If 15.omL of 0.0250 M aqueous H2SO4 is required to neutralize 10.0 mL of aqueous solution of KOH, what is the molarity of the KOH solution?
BMAVA=AMBVB 2(0. 25)(15)=1(10)(MB) 0.75/10=10MB/10 MB=0.075M ANSWERED
2KOH + H2SO4 ==> K2SO4 + 2H2O
moles H2SO4 = M x L = ??
Convert moles H2SO4 to moles KOH. It will be ??mole H2SO4 x 2 = moles KOH.
M KOH = moles KOH/L KOH
.25
Hmm... Let me calculate that for you, but first, let me find my calculator. Ah, here it is, my trusty nose! Okay, let's do this mathemagic.
To neutralize KOH with H2SO4, we need equal amounts of moles of both. So, we can write the equation like this:
H2SO4 + 2KOH → K2SO4 + 2H2O
The molar ratio is 1:2. Now, let's find the moles of H2SO4 that were initially used:
moles of H2SO4 = Molarity × Volume
= 0.0250 M × 0.0150 L
= 0.000375 moles
Since the molar ratio is 1:2, the moles of KOH will also be equal to 0.000375 moles. We can then calculate the molarity of the KOH solution like this:
Molarity of KOH = moles ÷ Volume
= 0.000375 moles ÷ 0.0100 L
= 0.0375 M
So, the molarity of the KOH solution is 0.0375 M. Voila!
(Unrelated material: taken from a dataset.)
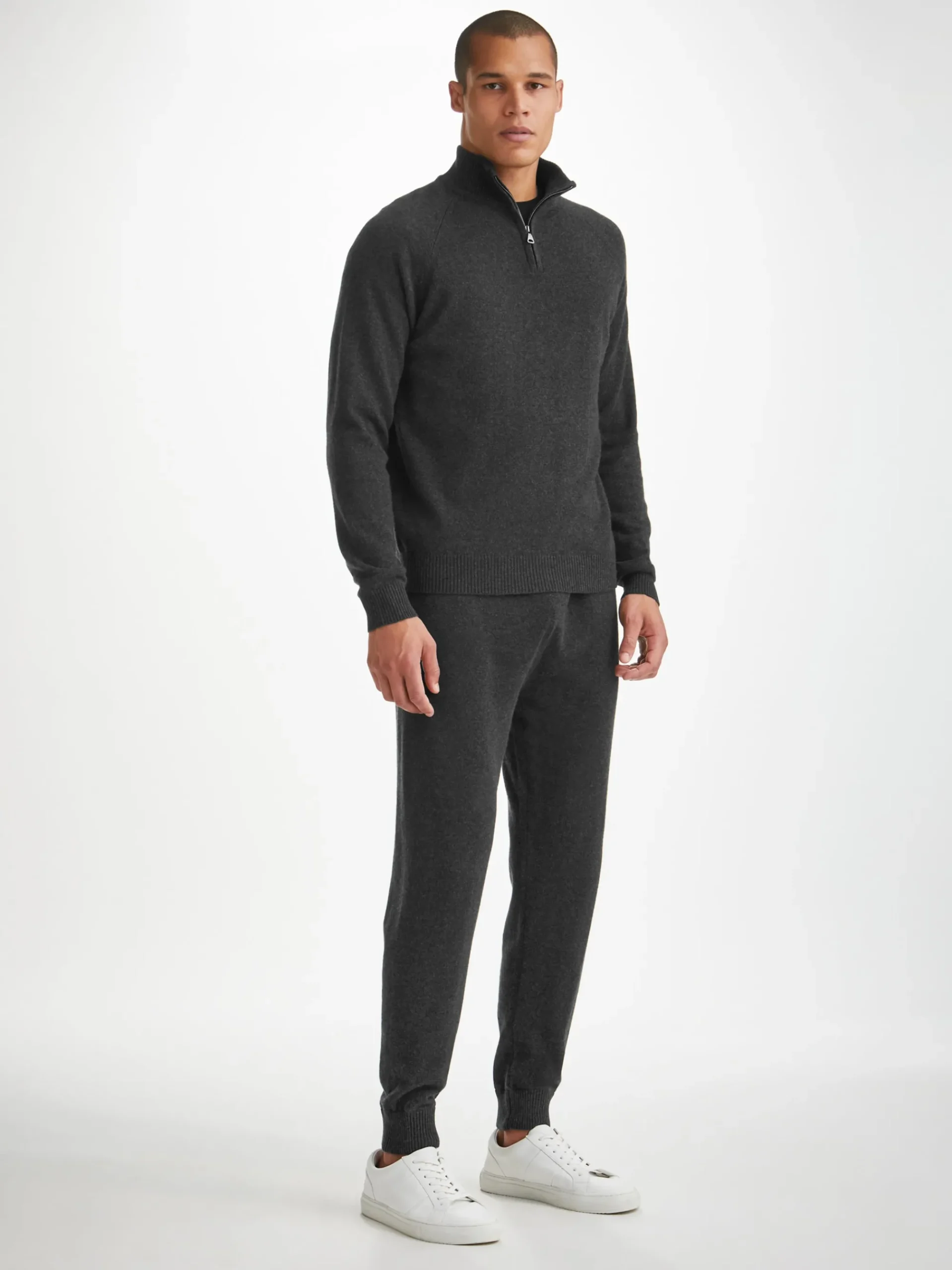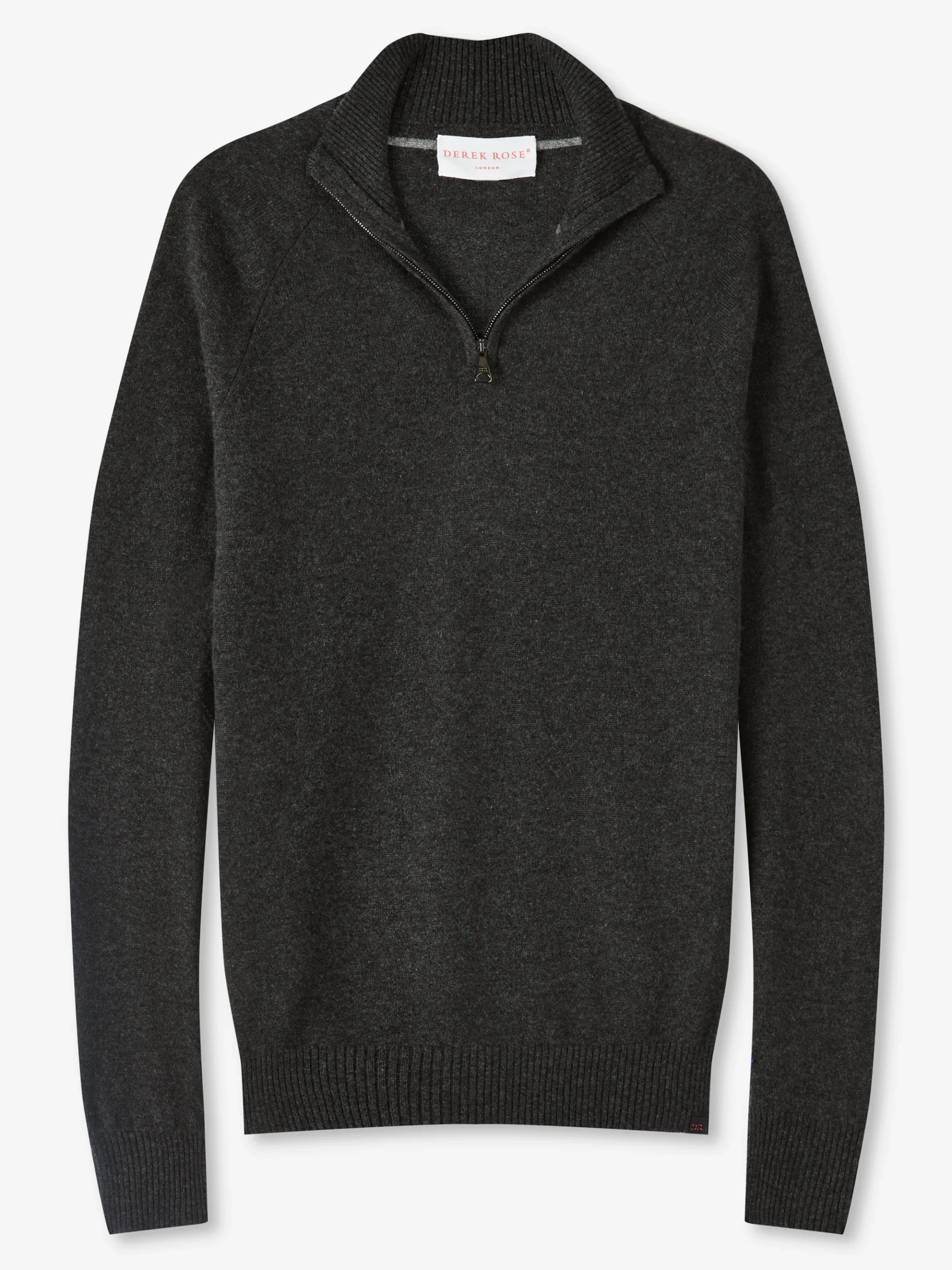 Knit from pure cashmere, our navy half-zip sweater fits closely to the frame, keeping you warm and cosy. The top features a carbon zip-puller that is contoured to your natural fingertip curve for a quick and easy closure should it get colder.
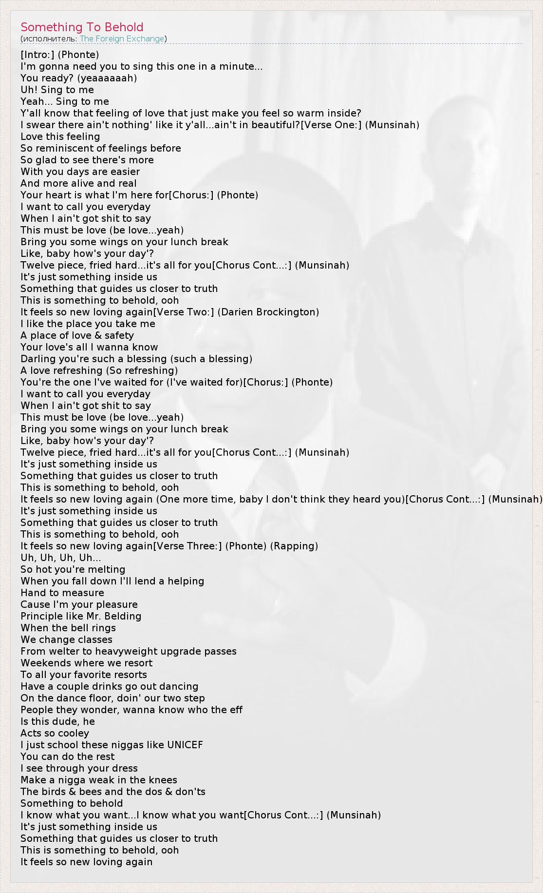 А как ты думаешь, о чем песня "Something To Behold" ?

To find the molarity of the KOH solution, we can use the concept of stoichiometry and the balanced chemical equation for the reaction between sulfuric acid (H2SO4) and potassium hydroxide (KOH).
The balanced equation for the reaction is as follows:
H2SO4 + 2 KOH → K2SO4 + 2 H2O
From the equation, we can see that 1 mole of H2SO4 reacts with 2 moles of KOH.
First, let's determine the number of moles of H2SO4 used in the neutralization reaction:
Moles of H2SO4 = volume (L) × molarity (mol/L) = 15.0 mL × 0.0250 mol/L = 0.3750 mmol
Since 1 mole of H2SO4 reacts with 2 moles of KOH, the number of moles of KOH used in the reaction is:
Moles of KOH = 0.3750 mmol ÷ 2 = 0.1875 mmol
Now, let's calculate the molarity of the KOH solution:
Molarity of KOH = moles of KOH ÷ volume (L) = 0.1875 mmol ÷ 0.0100 L = 18.75 mmol/L
Converting mmol/L to mol/L:
Molarity of KOH = 18.75 mmol/L × (1 mol/1000 mmol) = 0.01875 M
Therefore, the molarity of the KOH solution is 0.01875 M.